Conservation of crops

The preservation of microbial cultures is not an easy task and must guarantee the viability, purity and genetic stability of the cultures, characteristics that coincide with the objectives of a good conservation method. The knowledge of the peculiarities of the different existing preservation techniques for their correct application, as well as the continuous monitoring of the properties of the strains, favor their use as a reliable inoculum in industry, teaching and research.

Choosing the most suitable technique for preserving microbial cultures is often difficult, since the criteria of viability and purity of the strains, population and genetic changes, number and value of the crops, cost, supply and transport of strains must be taken into account. , as well as the frequency of the use of the crops.

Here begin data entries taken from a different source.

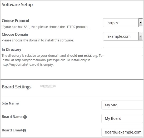 • In Directory: If you want to install this in a directory, for example example.com/forums, enter the directory name. Otherwise, leave this blank to install in your main domain example.com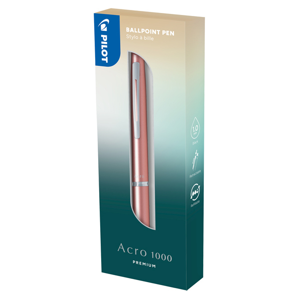 Nuova penna a sfera ACROBALL in versione raffinata ed elegante. Caratterizzata da un fusto sottile con impugnatura e anello centrale in metallo. Inchiostro Acroball super scorrevole ad asciugatura rapida, ideale per mancini. Punta 1,0 mm- Tratto 0,28 mm. Colore inchiostro nero. Ricaricabile con refill BRFV -10 M. Corredata da astuccio regalo in cartoncino riciclabile.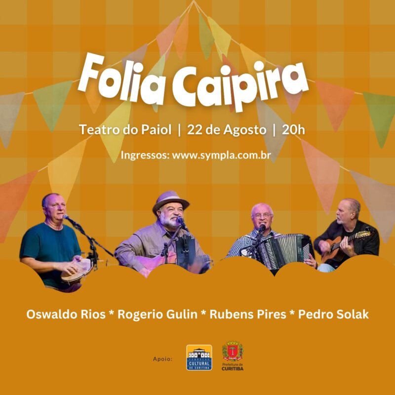 Prepare-se para uma noite de pura emoção e tradição. O show “Folia Caipira” chega ao Teatro do Paiol no dia 22 de agosto, às 20h, para uma verdadeira celebração da música de raiz brasileira. O espetáculo reunirá grandes nomes da cena musical paranaense em uma apresentação que promete levar o público a uma viagem ao coração da cultura caipira.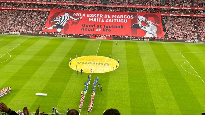 El vascómetro es esto: se despide del fútbol el futbolista de Marcos después de unos cuantos años. Todo el mundo sabe que de Marcos no habla eusquera ni inglés. Pues el hacen un tifo en inglés y en eusquera: esto es vascómetro.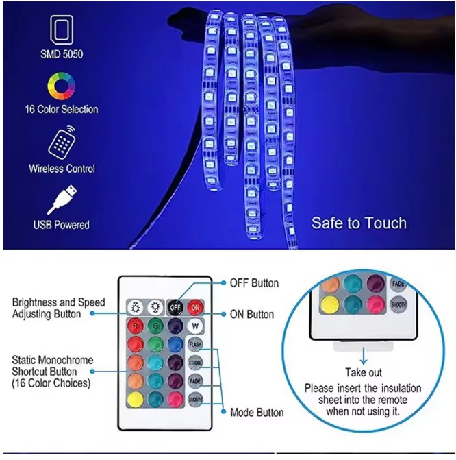 قابل تنظیم در رنگها و حالتهای مختلف برای نورپردازی اتاق، میز یا پشت تلویزیون.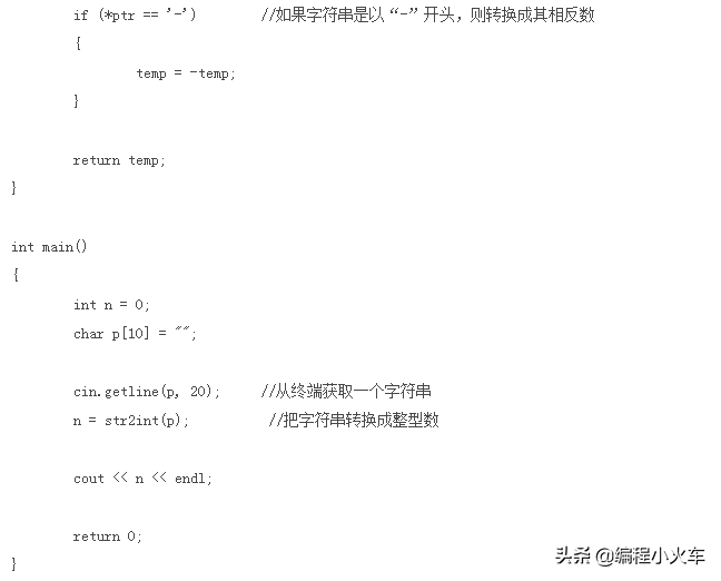 程序中的str2int函数作用是将字符串转换成整数。这个函数的转换过程与例题2中的int2str函数相比更加简单,它只需要做一次while循环(代码第13行)就能把数值大小计算出来,如果结果是负数,就加一个负号。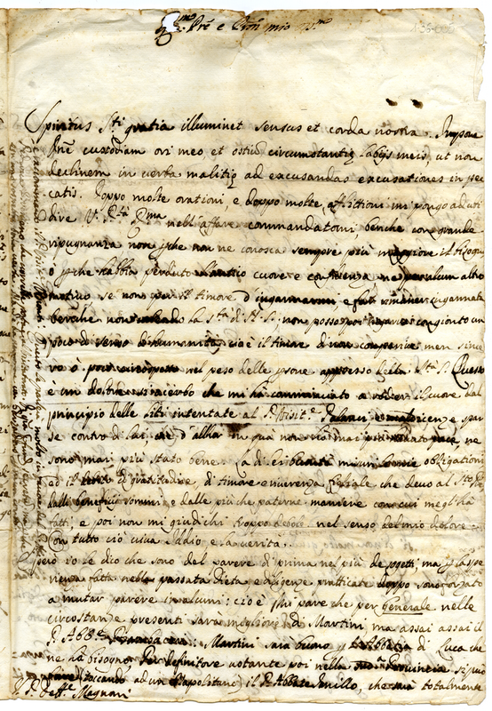 Lettera del Vescovo di Alessandria al Padre Definitore Magnani (1706 gennaio 17)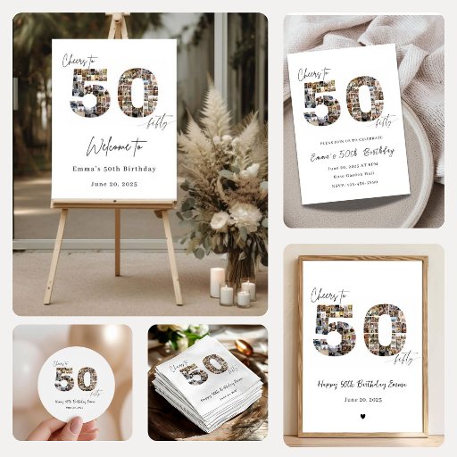 Celebrate fifty years of memories with this elegant custom photo collage 50th birthday invitation. Featuring a stylish “50” filled with personal photos and modern typography, this invitation is perfect for milestone birthday celebrations. Fully customizable with name, date, time, and venue, it creates a meaningful and unforgettable first impression. Ideal for classy, modern, and photo-focused birthday parties on Zazzle.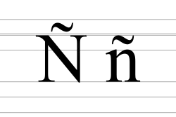 Ñ, ñ (N с тильдой) — буква расширенной латиницы. В испанском алфавите является 15 буквой, обозначает звук [ɲ] и называется исп. eñe. Кроме испанского, буква используется в казахском, татарском, крымскотатарском и бретонском алфавитах, а также в алфавитах, созданных на основе и под влиянием испанского: галисийском, астурийском, арагонском, баскском, кечуа, аймара, филиппинском и др.

The conservation method chosen must guarantee the survival of at least 70% of the cells for a considerable period of time, so that the surviving population is as similar to the original as possible, preserving the important properties of the cells. crops and minimize the occurrence of genetic events. Likewise, it must minimize the risk of contamination and allow the purity of the culture to remain unchanged.

Various techniques are available for the conservation of microorganisms and for that the recommendations of the World Federation of Culture Collections (WFCC), in its general guidelines, must be considered, which states that for safety and to minimize the probability of Strain loss, each must be maintained by at least 2 different procedures. In general, there are 3 categories in which the preservation methods are grouped according to the time in which the conserved cells remain viable, which are the long, medium and short-term preservation methods.

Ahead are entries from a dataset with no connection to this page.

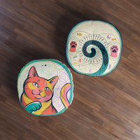 Place this bright, smiling cat cushion in a corner and the room immediately feels lighter and more playful. The centered mandala-cat draws eyes and invites you to sit, curl up, or rest your chin on its soft presence. ...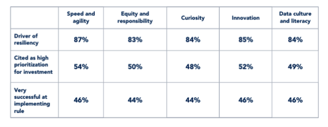 I dati da soli non bastano; è necessario saperli organizzare e analizzare affinché possano indirizzare al meglio le strategie di resilienza e, a conferma di ciò, oltre il 90% degli executive ritiene che dati e analytics siano fondamentali per ognuna delle regole di resilienza.
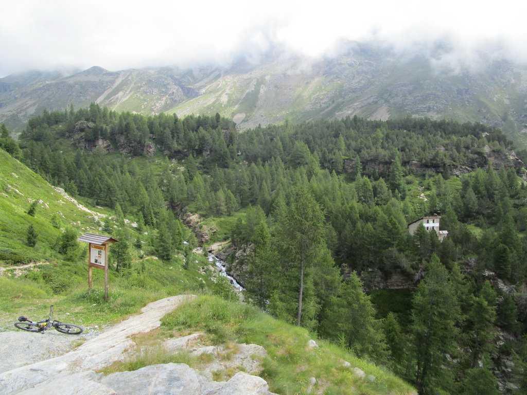 Prvé stúpanie mám za sebou a zjazdujem na taliansku stranu do Val Violy. Odbočujem už v lese doprava smer stúpanie na passo Verva. Raz som už ním kedysi šiel. Viem, čo ma čaká. Štrková cesta a v hornej časti už aj ťažšie zerodované úseky. Ale v pohode všetko v sedle.

Freezing (at –70 ° C and –196 ° C) and lyophilization 1-4 are classified in the first of these categories as techniques that minimize the risk of genetic change in cells and keep them viable for 10 years or more. , advantages that have conditioned its extensive use to preserve dissimilar biological materials (cultures of fungi, bacteria and yeasts, algae, serum, blood cells, among others) and that are recognized as techniques of choice. The high cost of the equipment used by these methods makes it difficult to implement them in many institutions, which sometimes make use of the maintenance and conservation services through these, which provide recognized crop collections.

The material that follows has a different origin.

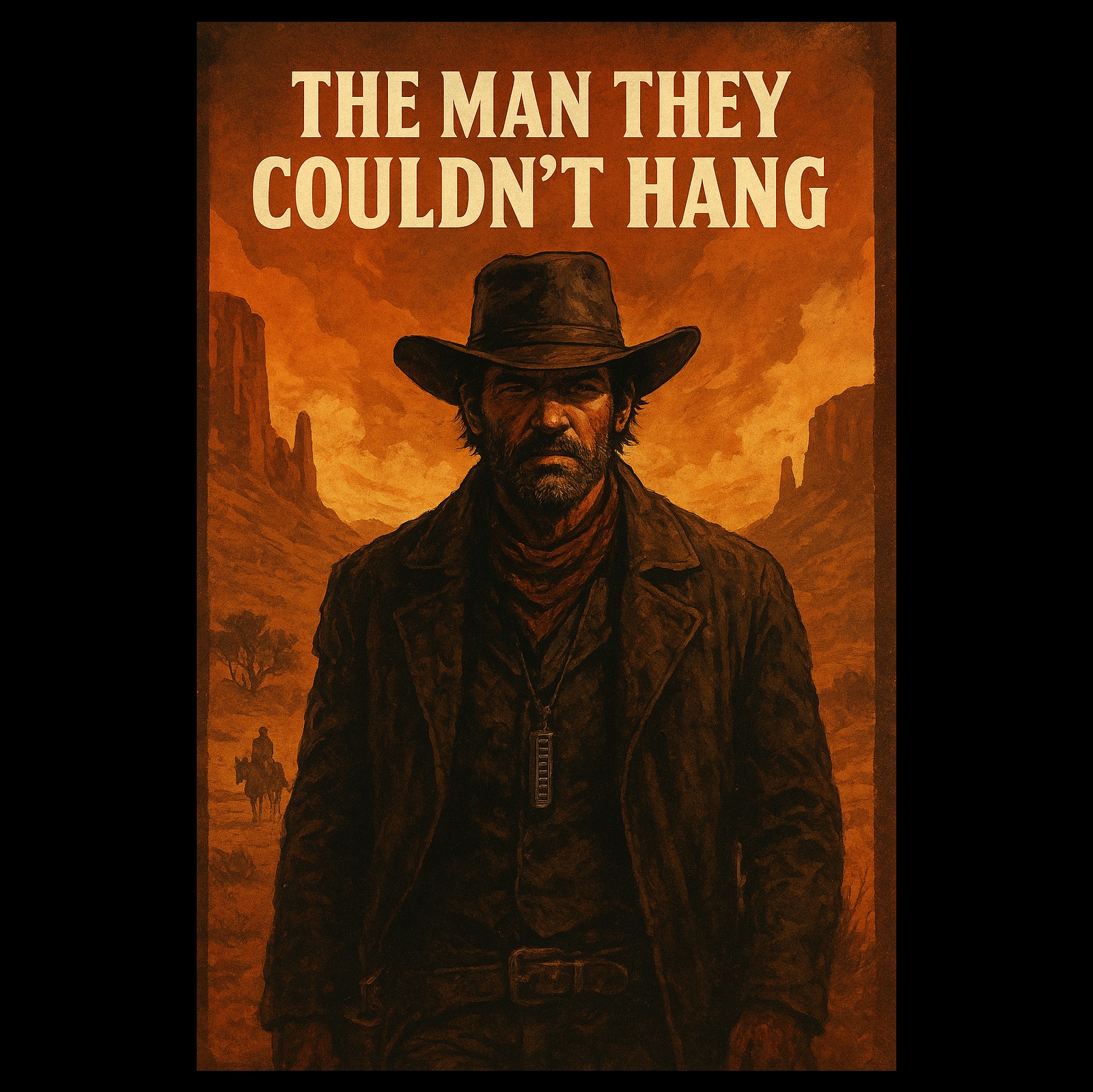 a cinematic Italo Western ballad with deep, gritty, emotional and sometimes angry, rough male vocals, Featuring steel guitar, emotional, melodic harmonica, dramatic strings, drums, and a man choir sings the Chorus, female background singers, The lyrics tell the legend of a mysterious gunslinger known as “The Man They Couldn't Hang” – a feared, mythical figure who cannot be caught, killed or forgotten, Moody, epic, ghostly Western atmosphere, with long instrumental parts and strong emotional storytelling, ‑electric guitar

In the medium term, it is the term that groups the techniques with which it is possible to maintain the viability of the crops between 2 and 5 years. Desiccation in this group stands out in different supports (sand, silica gel, glass beads) where growth is paralyzed by elimination of available water , 1-3,9) as well as storage in soil, liquid paraffin and suspension in sterile water (distilled or sea), well-documented methods especially for fungi.

Periodic reseeding is a technique that allows the survival of crops in short periods of time, which is why it is recognized as a short-term conservation method.2,9 It is based on transferring the crop from the dry medium to a fresh one, providing the conditions optimal growth, which determines the high risk of contamination and variability of the characteristics of the strains, which are its main disadvantages.

Finally, it is frequent to find that a preservation technique is more effective for one microbial group than for another, which indicates that in addition to considering the above aspects, it is necessary to review the available literature on the microorganisms in question and the maintenance alternatives used, and adapt them to the real situation of the organization. We can therefore highlight that there is no universal technique to properly conserve all microorganisms.